_What to produce_
For the data below, retype word for word the lines from the one containing "Rollo fenster kinderzimmer" through the one containing "11月13日,加勒比扑克 2"; drop the pictures.

_Material supplied_

******************************

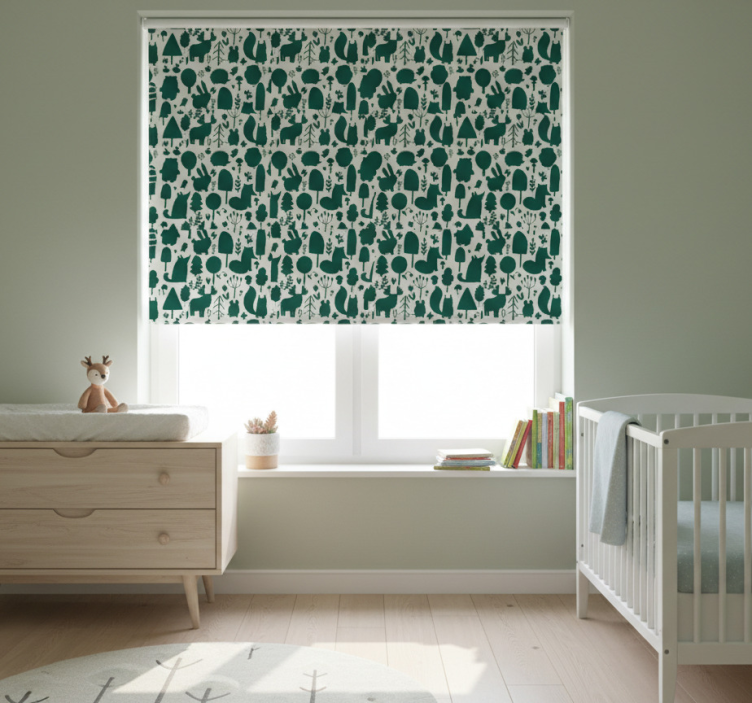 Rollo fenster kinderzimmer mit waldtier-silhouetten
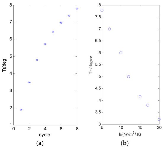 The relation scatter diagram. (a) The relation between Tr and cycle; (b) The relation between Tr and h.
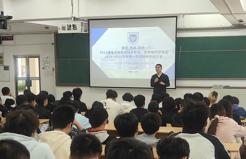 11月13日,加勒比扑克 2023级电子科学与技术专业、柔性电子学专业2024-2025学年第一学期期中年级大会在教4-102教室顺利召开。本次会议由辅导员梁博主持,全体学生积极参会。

******************************

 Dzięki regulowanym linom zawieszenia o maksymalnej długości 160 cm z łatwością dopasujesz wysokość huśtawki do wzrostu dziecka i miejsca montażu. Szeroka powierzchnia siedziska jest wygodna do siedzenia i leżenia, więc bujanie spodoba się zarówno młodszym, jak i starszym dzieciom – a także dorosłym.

******************************

_Answer to the problem_
 Rollo fenster kinderzimmer mit waldtier-silhouetten
 The relation scatter diagram. (a) The relation between Tr and cycle; (b) The relation between Tr and h.
 11月13日,加勒比扑克 2023级电子科学与技术专业、柔性电子学专业2024-2025学年第一学期期中年级大会在教4-102教室顺利召开。本次会议由辅导员梁博主持,全体学生积极参会。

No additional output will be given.